The framework of bones and cartilage which gives shape and support to the body an animal is called skeleton. Skeletal structure is composed of hard material which is made up of calcium called bones. The human skeleton is made up of 206 bones. In human beings, the skeleton is present in side the body, so it is called endoskeleton.
The framework of bones and cartilage which gives shape and support to the body an animal is called skeleton. Skeletal structure is composed of hard material which is made up of calcium called bones. The human skeleton is made up of 206 bones. In human beings, the skeleton is present in side the body, so it is called endoskeleton.
Throughout history, the symbol of the skull and crossbones has served as a representation of mortality, likely owing to the fact that following death and decay, bones are the sole remnants. Many individuals perceive bones as inert, desiccated, and fragile. While these attributes accurately portray the bones of a preserved skeleton, the bones within a living human being are profoundly alive. Living bones exhibit strength and flexibility, serving as the primary components of the skeletal system.

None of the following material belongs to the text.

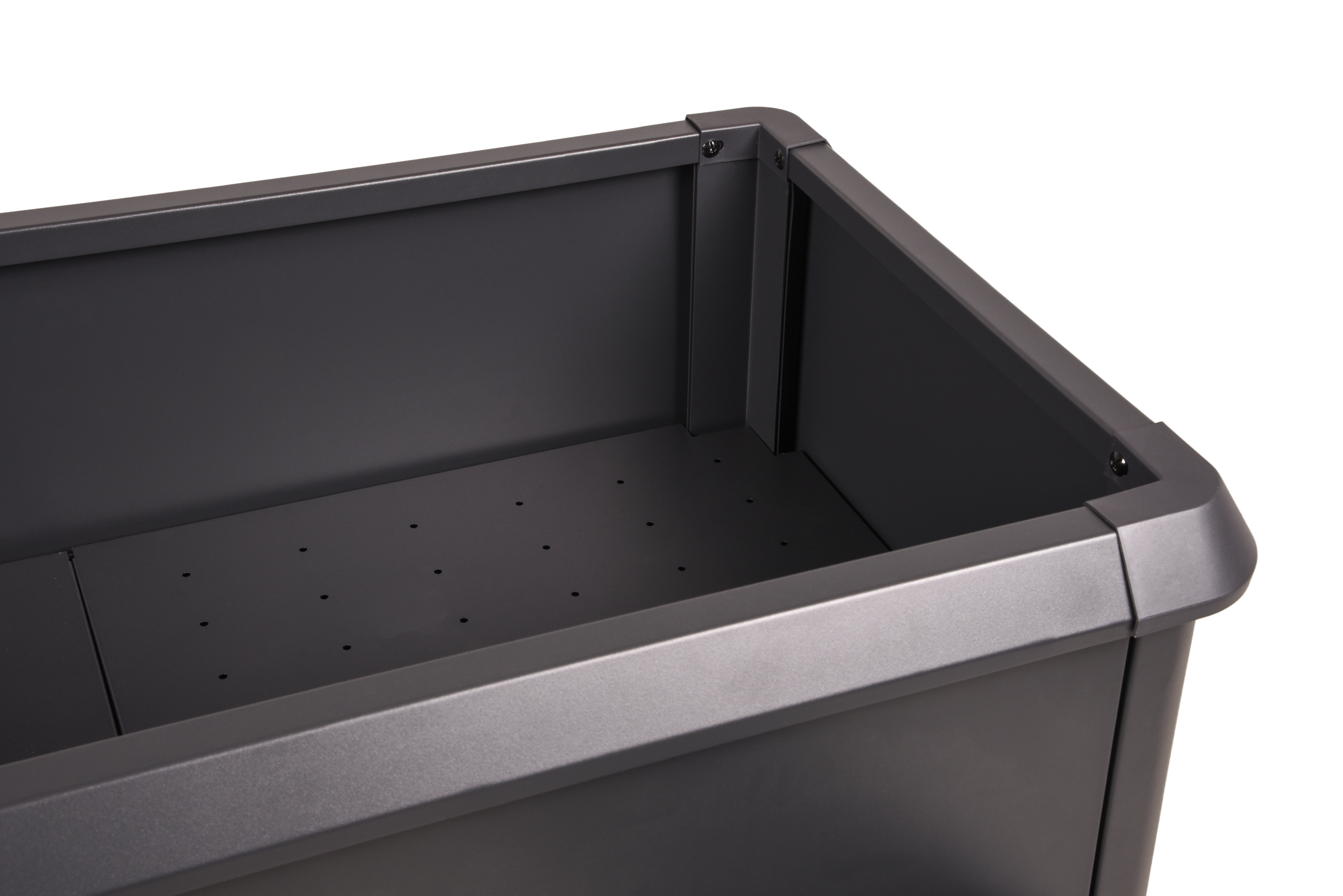 Mit dem Hochbeet ZINNIA bringen Sie stilvolle Gartenfreude auf Balkon, Terrasse oder in den Garten: Das anthrazitfarbene, galvanisierte und pulverbeschichtete Stahlbeet ist robust, wetterfest und misst 107 × 57 × 78 cm. Dank selbstbewässernder Pflanzschicht und schneckenabweisendem Rand gedeihen Kräuter, Gemüse und Blumen besonders komfortabel und geschützt. Überschüssiges Wasser kann über ein verschließbares Loch in der Bodenmitte ablaufen – der umschaltbare Abflussstopfen macht ZINNIA dabei sowohl für den Innen- als auch Außenbereich ideal. Unter der Pflanzfläche bietet der integrierte Schrank (Innenmaß 96 × 46,5 × 51 cm) mit verschließbarer Tür praktischen Stauraum für Erde, Werkzeug oder Gießkanne und trägt bis zu 35 kg. So ist ZINNIA die clevere All-in-one-Lösung für alle, die bequem, sauber und mit modernem Look gärtnern möchten.

A joint is an articulation between two bones in the body and are broadly classified by the tissue which connects the bones. The three main types of joints are: synovial, cartilaginous and fibrous.
Throughout history, the symbol of the skull and crossbones has served as a representation of mortality, likely owing to the fact that following death and decay, bones are the sole remnants. Many individuals perceive bones as inert, desiccated, and fragile. While these attributes accurately portray the bones of a preserved skeleton, the bones within a living human being are profoundly alive. Living bones exhibit strength and flexibility, serving as the primary components of the skeletal system.
A joint is an articulation between two bones in the body and are broadly classified by the tissue which connects the bones. The three main types of joints are: synovial, cartilaginous and fibrous.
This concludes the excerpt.